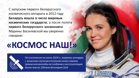 Ведутся работы по созданию российско-белорусского космического аппарата дистанционного зондирования Земли сверхвысокого разрешения до 35 см. При этом практически все наиболее важные компоненты для спутника создаются в Беларуси. В разработке находятся три космические программы Союзного государства. А после полета первого белорусского космонавта Марины Василевской мы уверенно говорим: «Космос наш!».
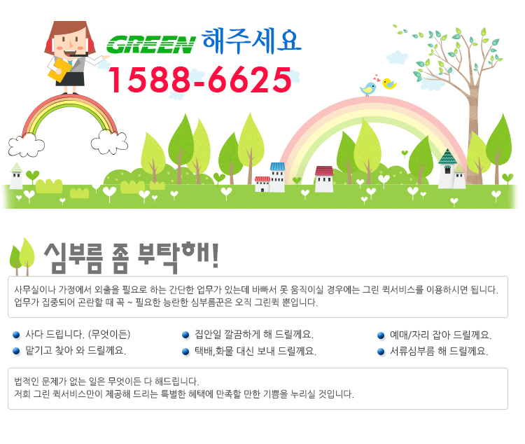 »óÈ£¸í ±×¸°Äü¼­ºñ½º | ´ëÇ¥ÀÚ ÀÌö | »ç¾÷ÀÚµî·Ï¹øÈ£ 107-10-07749 | TEL 1588-6625 | FAX 02-2637-6625 | ADD ¼­¿ïƯº°½Ã µ¿´ë¹®±¸ ÇÏÁ¤·Î 10
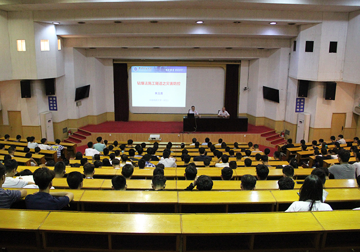 会上,焦玉勇就钻爆法施工隧道之灾害防控的前景、机理、预防、处置、建议五方面进行详细介绍,他指出在山岭隧道施工中,地层中发育大量的含水、导水构造并赋存岩溶水体,当被隧道开挖扰动或揭穿隔水结构,常常会诱发突泥、涌水、塌方等恶性施工灾害的出现,而这些灾害的发生基本上是开挖扰动、爆破震动、应力重分布、地下水排泄造成的。随后,为使同学们能准确了解灾害的严重性,他向同学们列举了宜万铁路野三关隧道、宜万铁路马鹿箐隧道、沪蓉西公路龙潭隧道等发生塌方、涌泥事故的事例。为了避免这些事故的发生,有效的解决方案就是提前预防,其有效预防手段包括地质超前预报、风险评估、信息化监控、设计变更等方法。最后,他结合自己的学习生涯和工作经历,告诫同学们要保持在山东科技大学养成的良好习惯,重视每一次实习的机会。虽然专业工作条件艰苦,但发展前景是非常乐观的,希望每一位同学都能确认自己的目标,不断学习,不断进取。
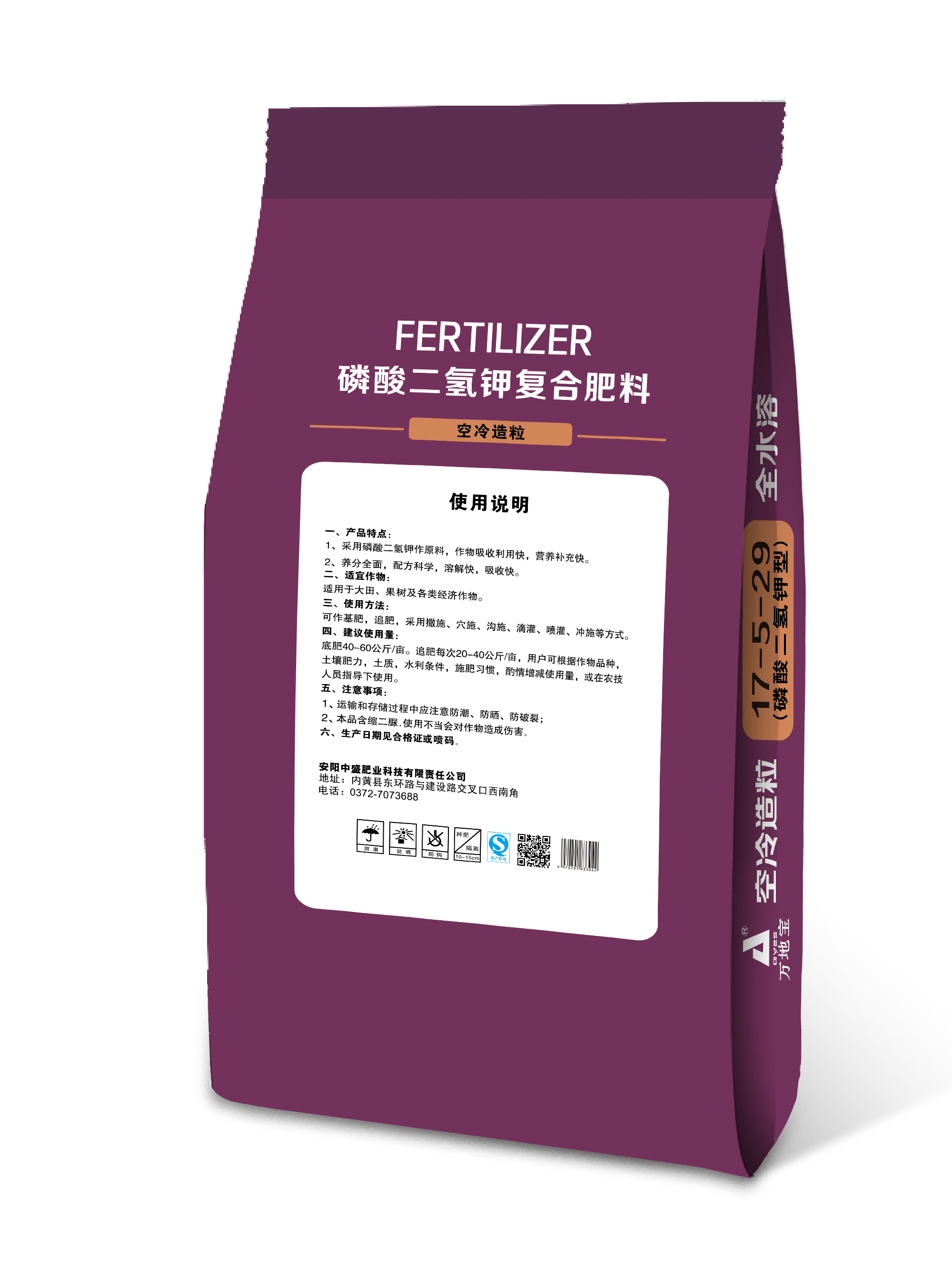 安阳中盛肥业是一家以生产高塔复合肥、硝基复合肥、磷酸二氢钾复合肥、黄腐酸钾复合肥、大量元素水溶肥等功能性肥料配方研发、生产、销售为一体的生产型企业。公司现有高塔复合肥生产线、大量元素水溶肥多条生产线,年产能近百万吨。其以“万地宝”为主导品牌的系列复合肥产品已畅销国内三十余省、市、自治区,获得了消费者的认可。
__________
> _The problem_:
Every line above is to be reproduced verbatim, and the pictures are to be omitted.

> _Written answer_:
 Ведутся работы по созданию российско-белорусского космического аппарата дистанционного зондирования Земли сверхвысокого разрешения до 35 см. При этом практически все наиболее важные компоненты для спутника создаются в Беларуси. В разработке находятся три космические программы Союзного государства. А после полета первого белорусского космонавта Марины Василевской мы уверенно говорим: «Космос наш!».
 »óÈ£¸í ±×¸°Äü¼­ºñ½º | ´ëÇ¥ÀÚ ÀÌö | »ç¾÷ÀÚµî·Ï¹øÈ£ 107-10-07749 | TEL 1588-6625 | FAX 02-2637-6625 | ADD ¼­¿ïƯº°½Ã µ¿´ë¹®±¸ ÇÏÁ¤·Î 10
 会上,焦玉勇就钻爆法施工隧道之灾害防控的前景、机理、预防、处置、建议五方面进行详细介绍,他指出在山岭隧道施工中,地层中发育大量的含水、导水构造并赋存岩溶水体,当被隧道开挖扰动或揭穿隔水结构,常常会诱发突泥、涌水、塌方等恶性施工灾害的出现,而这些灾害的发生基本上是开挖扰动、爆破震动、应力重分布、地下水排泄造成的。随后,为使同学们能准确了解灾害的严重性,他向同学们列举了宜万铁路野三关隧道、宜万铁路马鹿箐隧道、沪蓉西公路龙潭隧道等发生塌方、涌泥事故的事例。为了避免这些事故的发生,有效的解决方案就是提前预防,其有效预防手段包括地质超前预报、风险评估、信息化监控、设计变更等方法。最后,他结合自己的学习生涯和工作经历,告诫同学们要保持在山东科技大学养成的良好习惯,重视每一次实习的机会。虽然专业工作条件艰苦,但发展前景是非常乐观的,希望每一位同学都能确认自己的目标,不断学习,不断进取。
 安阳中盛肥业是一家以生产高塔复合肥、硝基复合肥、磷酸二氢钾复合肥、黄腐酸钾复合肥、大量元素水溶肥等功能性肥料配方研发、生产、销售为一体的生产型企业。公司现有高塔复合肥生产线、大量元素水溶肥多条生产线,年产能近百万吨。其以“万地宝”为主导品牌的系列复合肥产品已畅销国内三十余省、市、自治区,获得了消费者的认可。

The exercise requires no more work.